Hmm..I would say that From Software has some of the best sound design in the business. Soundtrack plus creatures and environmental noise all meld into one. I'll never forget the 8 seconds of "gong" like sound after stunning an enemy in Bloodborne followed by the ghostly cries of a Viceral attack! To me you have to be able to sing a soundtrack in your head outside of the game. This has never happened to me regarding a From Software title. I'm also slightly concerned by the overall youth of the titles so far. My number one soundtrack came out in 2014 and my number 2, 2011. I will not share my 2 favorites until all have been revealed as there is still hope that these 2 gems have not been forgotten. It certainly makes for great debate regardless of the winners.
@hookedWORM17 The melodies of Dark Souls are absolutely entrench in my mind, for what that's worth. Like I mentioned earlier in the comments though, I don't really like the game itself, and didn't spend much time with it, so my experience with the game almost entirely stems from its music, and I love it!
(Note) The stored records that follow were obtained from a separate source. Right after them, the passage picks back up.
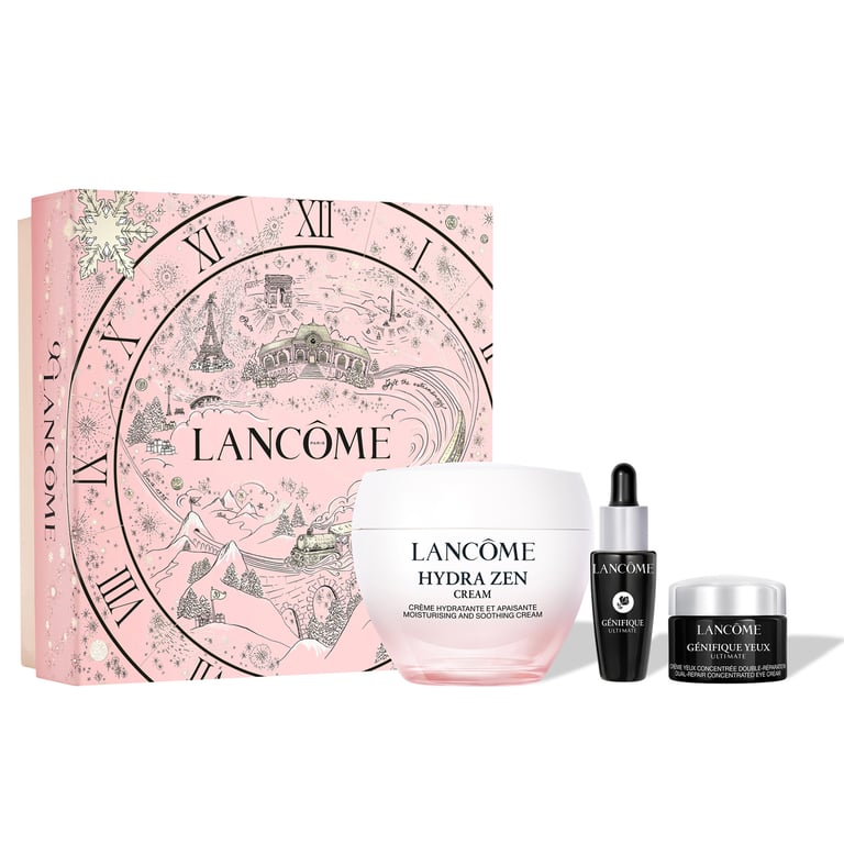 El Set Hydra Zen Cream de Lancôme es un pack de cuidado facial diseñado para proporcionar una hidratación intensa y calmar la piel sensible o estresada. Esta colección completa combina texturas ligeras y eficaces que ayudan a mantener la piel suave, radiante y equilibrada, ofreciendo una sensación de frescura y bienestar desde la primera aplicación. Ideal para quienes buscan un cuidado diario completo que reduzca la sensación de tirantez y mejore la luminosidad natural del rostro, con un enfoque en confort y protección frente al estrés ambiental.
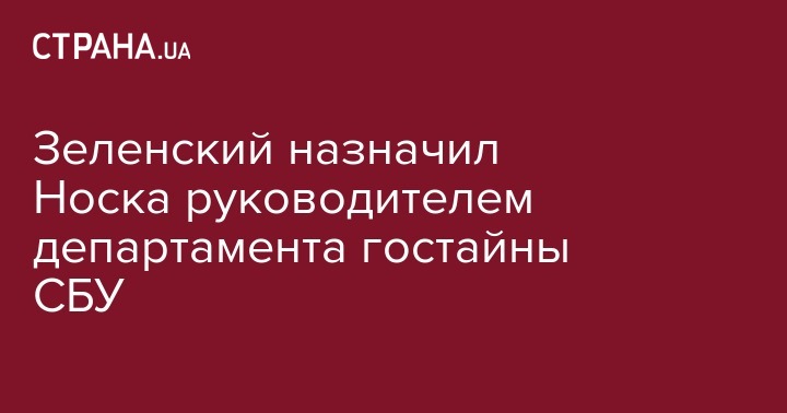 Президент Украины Владимир Зеленский назначил Игоря Носка начальником Департамента охраны государственной тайны и лицензирования Службы безопасности Украины (СБУ). Об этом говорится на сайте главы государствы.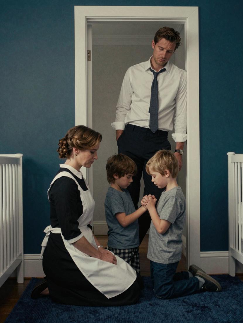 Before him, kneeling on the plush navy carpet, was Hannah—the new nanny assigned to his boys. Logan only ever learned her name through passing remarks from his assistant; they had never truly met. She wore the agency’s modest uniform—a simple black dress kissed with a white apron, vintage in contrast to the nursery’s sleek, modern design. But it wasn’t Hannah who stole Logan’s breath away.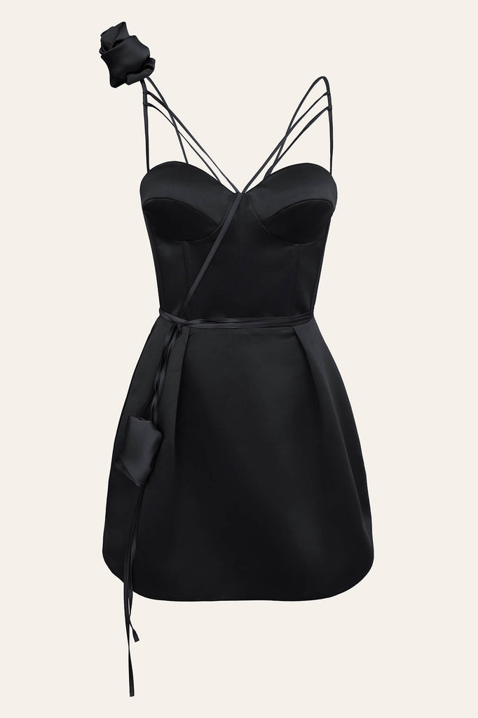 Girly, playful and youthful, that’s the vibe of our fitted corset black bell mini dress with an elegant rose decor on the shoulder. Bones and cups of the corset part delicately hug the body curves, while the bell skirt adds air and playful bounce to the look. The dress is made of medium-density fabric with a delicate sheen. Lined.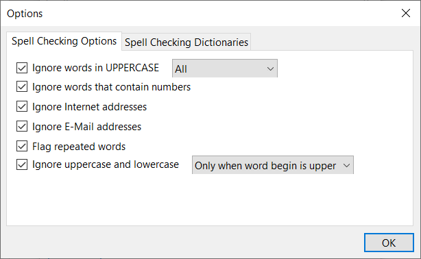If you click on “Spelling” within the menu bar "Review", a dialog box will give you further options for correcting errors.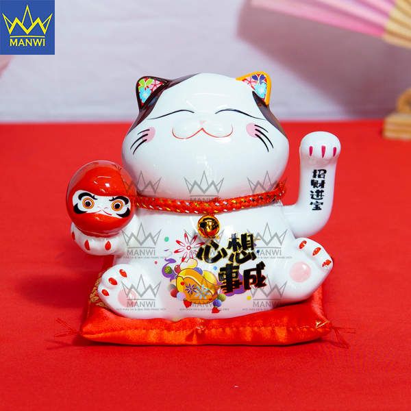 Mèo Thần Tài Tâm Tưởng Sự Thành là vật phong thủy có nguồn gốc đến từ Nhật Bản. Ở đây người ta gọi là Maneki-neko, dùng để ám chỉ những chú mèo gốm sứ có khả năng mang lại may mắn cho con người. Có nguồn gốc từ đất nước có tín ngưỡng cao, mèo thần tài dần trở thành một món đồ không thể thiếu cho những ai đang muốn làm kinh doanh. Vì nó có thể chiêu tài lộc cũng như may mắn đến cho con người. Là món đồ phong thủy giá trị nên Manwi luôn cẩn thận, đảm bảo chất lượng đến với khách hàng. Ngoài ra, mèo thần tài còn được tặng kèm theo chiếc hộp rất xinh; chiếc hộp có những hoa văn thích hợp để làm quà tặng trong những dịp đặc biệt.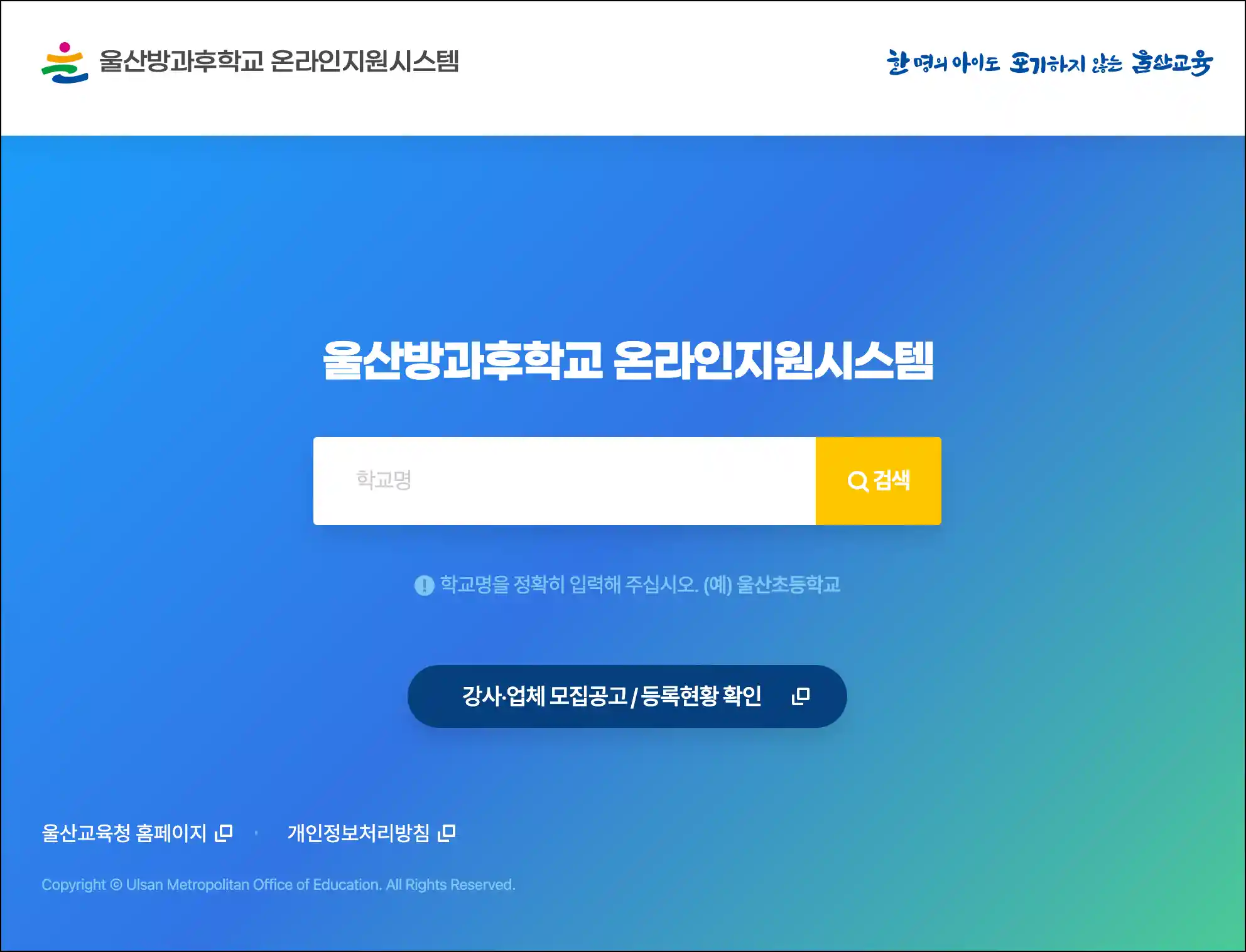 울산방과후학교 온라인지원시스템입니다. 이 시스템은 학생, 강사, 교직원이 로그인하여 방과 후 프로그램에 대한 정보를 확인하고, 각종 서비스를 이용할 수 있도록 지원합니다. 사이트 내에서는 학년, 반, 번호를 입력하여 로그인이 가능하며, 비밀번호 찾기와 시스템 안내 등의 기능을 모바일과 PC 환경에서 모두 제공합니다.

Also, the final 2 are both more than 5 years old! Although with the context of the decade, this and Death Stranding are the only ones from the recent end of the decade. Everything else is quite a lot older I'd say!
@RogerRoger now those are some deep cuts! that's a fascinating list not gonna lie! I will say, you don't have to worry about booking a plane to shake my hand hahaha. Look how wildly different that list is from mine! And then how wildly different in turn mine appears to be from the comments!
@gbanas92 - Yeah, I guess the music may have more of an impact to an observer though I'm sure a lot of players remember it well also. I'm just not one of them. I know when I first get to Firelink Shrine I'm like, oh yeah, that tune. The moment I leave though it's gone.
@Shigurui Yeah I've absolutely played games like that. I can think of more than one instance thinking how awesome a song was while playing and then trying to find it after playing only to be unable to pick it out of a lineup because, without the game, the music just stops sounding special!
@gbanas92 Aww, I was looking forward to the vacation!
All the dark souls games, demons souls, bloodborne all have amazing music.
@Shigurui it’s subtle, and a lot of it is perhaps sound design rather than traditional music.
If you played with it off you’d notice the worlds felt more empty.